Your assignment
The listing below is to be written out word for word, minus its images.

Data shown
--------------------------------------------------

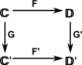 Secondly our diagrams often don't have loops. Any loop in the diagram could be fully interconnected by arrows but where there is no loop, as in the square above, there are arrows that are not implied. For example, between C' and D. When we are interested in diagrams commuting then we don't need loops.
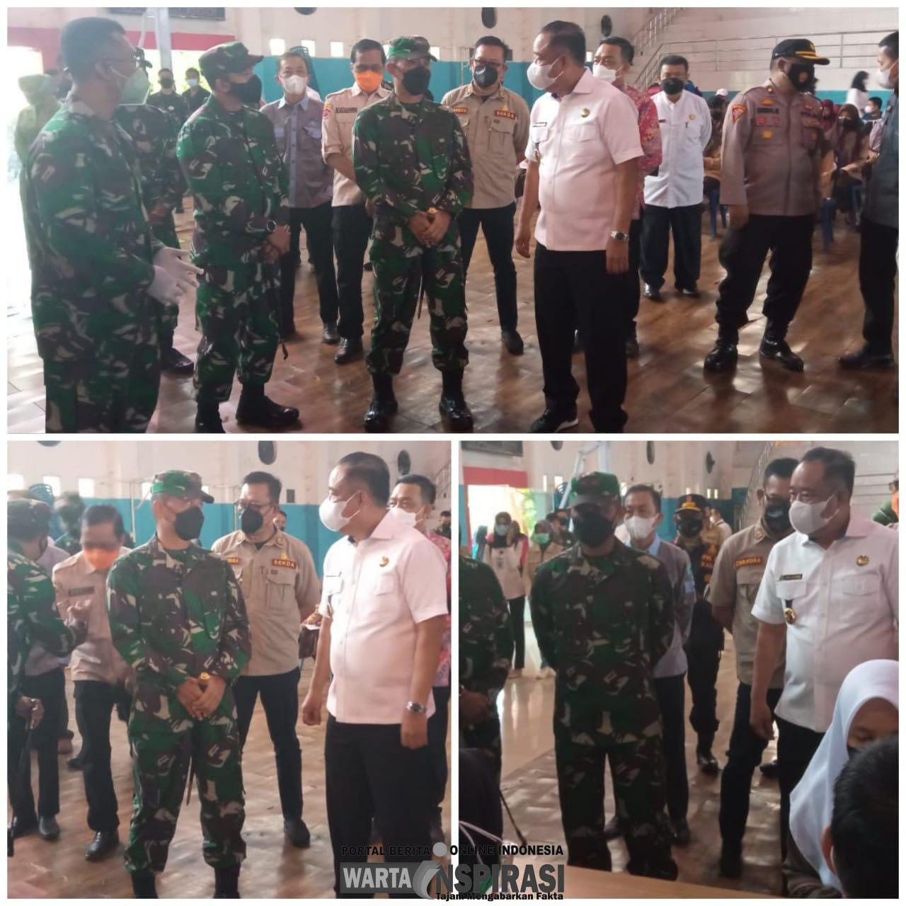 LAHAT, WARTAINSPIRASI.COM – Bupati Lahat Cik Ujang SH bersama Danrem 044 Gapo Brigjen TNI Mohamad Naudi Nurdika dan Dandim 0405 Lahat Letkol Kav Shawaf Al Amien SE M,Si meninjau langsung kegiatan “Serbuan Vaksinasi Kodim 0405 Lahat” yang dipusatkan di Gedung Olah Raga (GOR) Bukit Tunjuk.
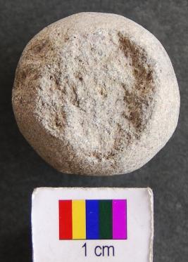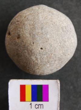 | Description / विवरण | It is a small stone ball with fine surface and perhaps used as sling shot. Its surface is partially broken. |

--------------------------------------------------

Solution to the exercise
 Secondly our diagrams often don't have loops. Any loop in the diagram could be fully interconnected by arrows but where there is no loop, as in the square above, there are arrows that are not implied. For example, between C' and D. When we are interested in diagrams commuting then we don't need loops.
 LAHAT, WARTAINSPIRASI.COM – Bupati Lahat Cik Ujang SH bersama Danrem 044 Gapo Brigjen TNI Mohamad Naudi Nurdika dan Dandim 0405 Lahat Letkol Kav Shawaf Al Amien SE M,Si meninjau langsung kegiatan “Serbuan Vaksinasi Kodim 0405 Lahat” yang dipusatkan di Gedung Olah Raga (GOR) Bukit Tunjuk.
 | Description / विवरण | It is a small stone ball with fine surface and perhaps used as sling shot. Its surface is partially broken. |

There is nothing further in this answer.